Extracted records:
◇ ◇ ◇

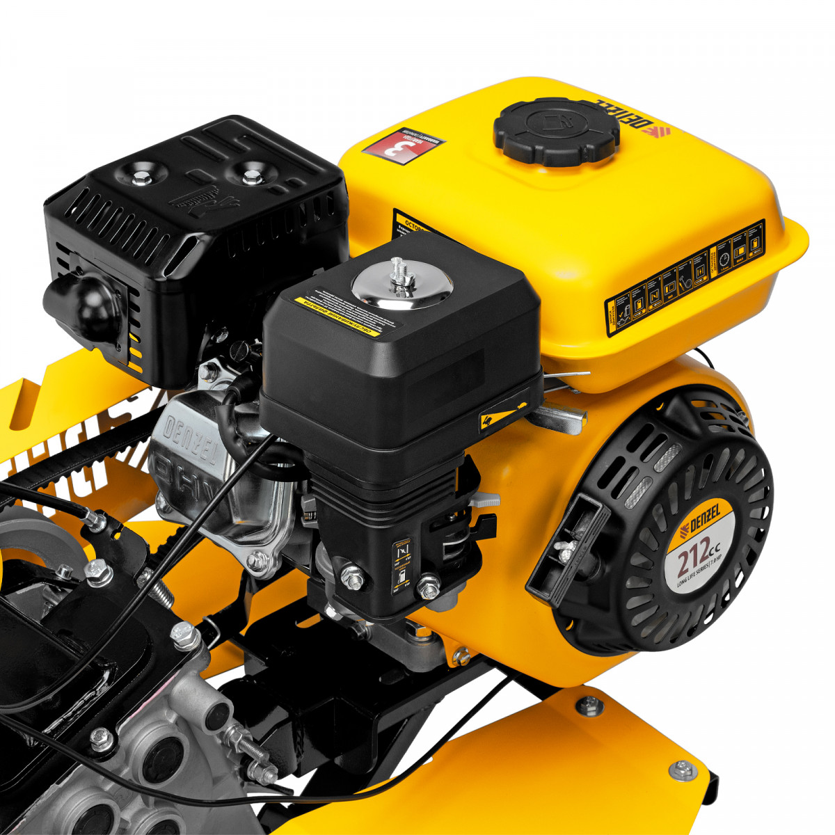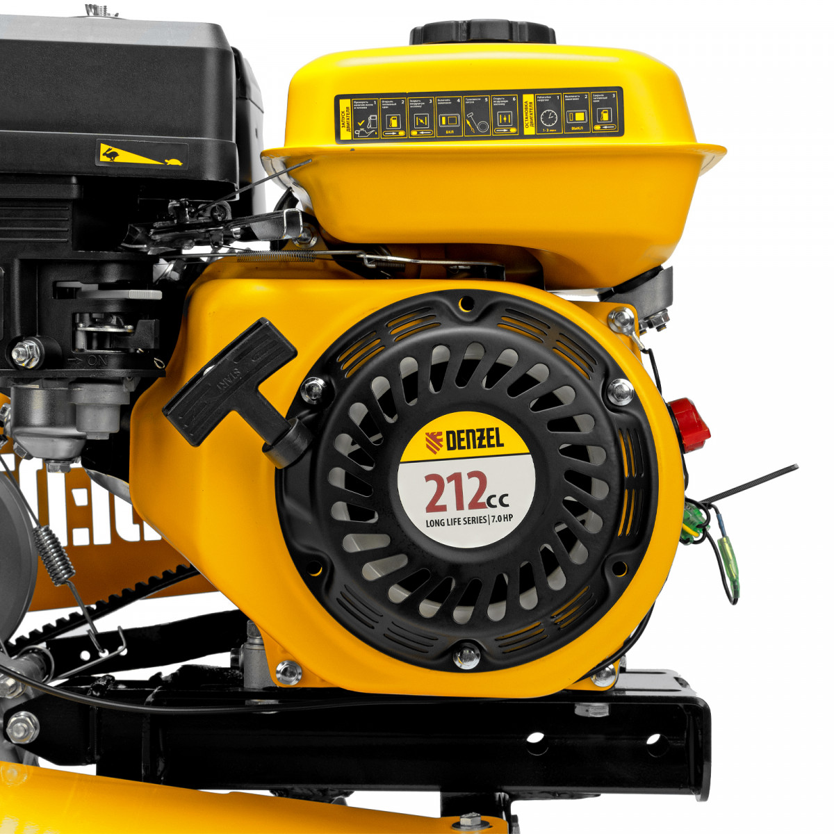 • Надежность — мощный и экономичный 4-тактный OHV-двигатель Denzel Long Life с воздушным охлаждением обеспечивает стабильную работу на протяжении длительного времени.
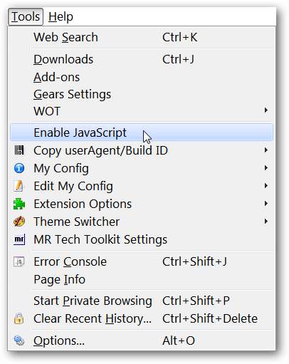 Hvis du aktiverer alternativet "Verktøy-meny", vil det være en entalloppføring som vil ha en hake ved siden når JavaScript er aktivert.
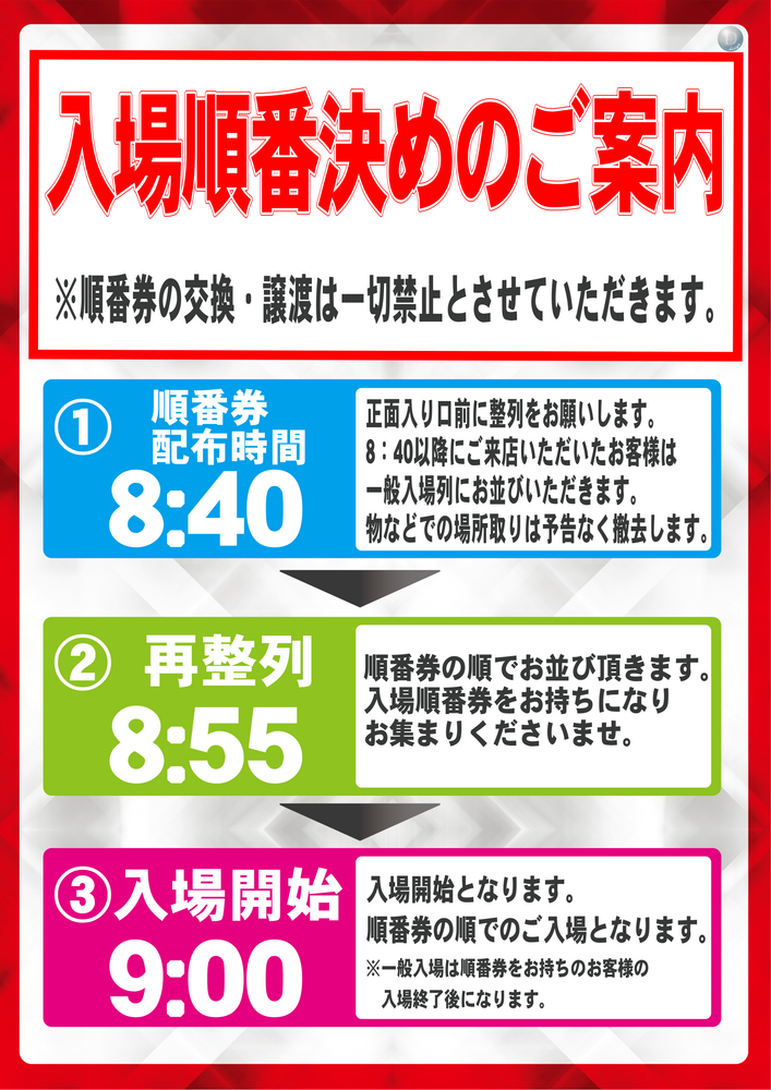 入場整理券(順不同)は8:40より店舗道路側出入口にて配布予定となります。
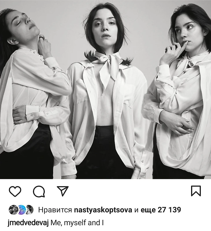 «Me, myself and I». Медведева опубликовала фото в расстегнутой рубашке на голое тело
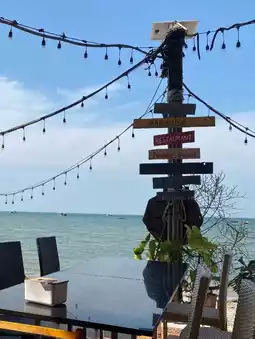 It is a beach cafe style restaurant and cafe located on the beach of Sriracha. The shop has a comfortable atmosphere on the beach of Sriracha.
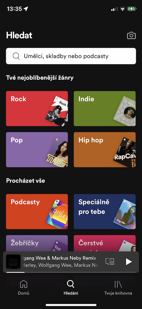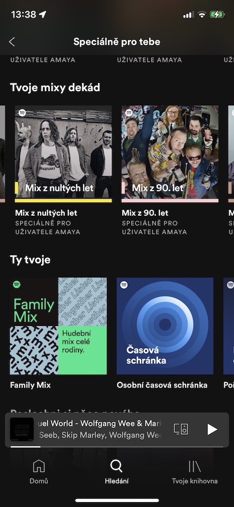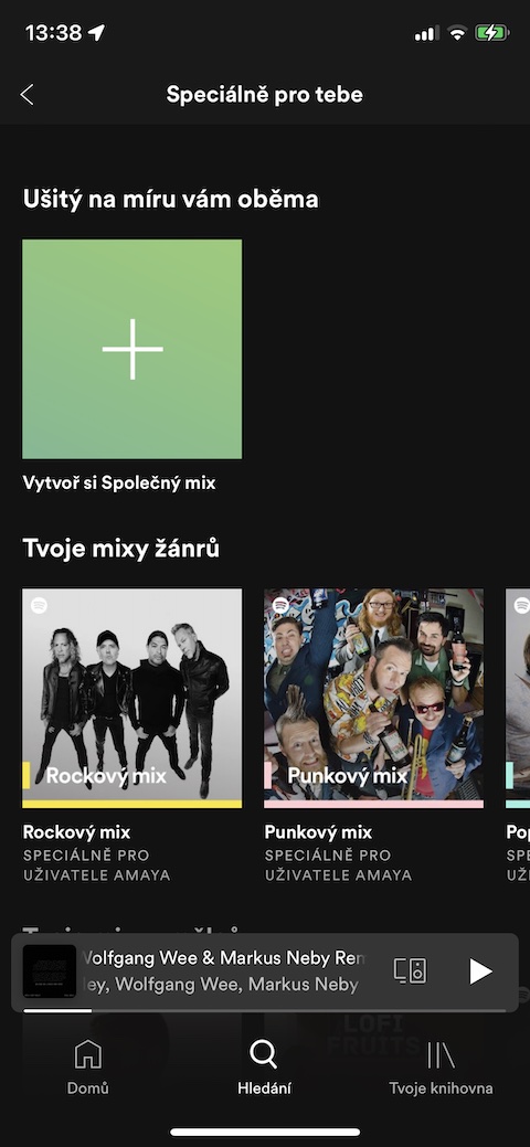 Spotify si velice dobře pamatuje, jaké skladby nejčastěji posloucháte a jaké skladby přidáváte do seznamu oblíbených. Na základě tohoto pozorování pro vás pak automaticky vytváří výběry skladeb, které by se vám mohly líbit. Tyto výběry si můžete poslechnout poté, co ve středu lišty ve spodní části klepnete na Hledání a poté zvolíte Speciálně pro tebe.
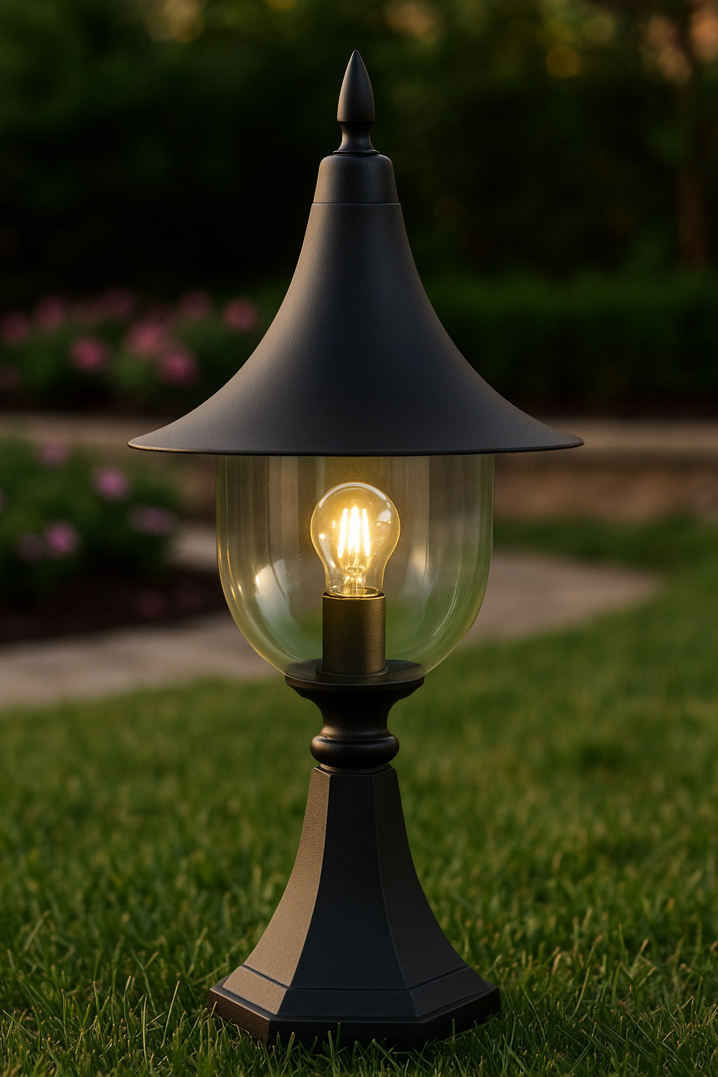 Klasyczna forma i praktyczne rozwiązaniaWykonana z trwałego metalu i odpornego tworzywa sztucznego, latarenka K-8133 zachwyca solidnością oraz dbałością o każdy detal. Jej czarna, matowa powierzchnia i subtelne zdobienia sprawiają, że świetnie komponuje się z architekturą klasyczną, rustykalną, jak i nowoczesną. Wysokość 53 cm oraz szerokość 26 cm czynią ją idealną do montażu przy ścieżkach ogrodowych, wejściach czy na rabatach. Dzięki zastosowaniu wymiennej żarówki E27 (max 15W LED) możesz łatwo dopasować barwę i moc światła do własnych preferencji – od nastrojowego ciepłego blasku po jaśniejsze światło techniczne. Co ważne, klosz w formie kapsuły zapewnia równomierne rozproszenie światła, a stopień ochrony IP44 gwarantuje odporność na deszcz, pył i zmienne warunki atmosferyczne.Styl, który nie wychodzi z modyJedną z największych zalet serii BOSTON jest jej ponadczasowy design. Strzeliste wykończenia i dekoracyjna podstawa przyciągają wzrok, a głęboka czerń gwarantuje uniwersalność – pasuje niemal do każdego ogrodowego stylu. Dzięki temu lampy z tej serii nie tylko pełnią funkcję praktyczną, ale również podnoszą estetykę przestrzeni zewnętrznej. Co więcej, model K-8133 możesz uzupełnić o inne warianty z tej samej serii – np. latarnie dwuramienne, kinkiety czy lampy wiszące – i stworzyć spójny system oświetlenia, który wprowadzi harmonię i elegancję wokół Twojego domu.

◇ ◇ ◇

Required action: Output only the lines from the start of the data through the line that holds "入場整理券(順不同)は8:40より店舗道路側出入口にて配布予定となります。". Keep them exact and leave the pictures out.

Response for this exercise:
 • Надежность — мощный и экономичный 4-тактный OHV-двигатель Denzel Long Life с воздушным охлаждением обеспечивает стабильную работу на протяжении длительного времени.
 Hvis du aktiverer alternativet "Verktøy-meny", vil det være en entalloppføring som vil ha en hake ved siden når JavaScript er aktivert.
 入場整理券(順不同)は8:40より店舗道路側出入口にて配布予定となります。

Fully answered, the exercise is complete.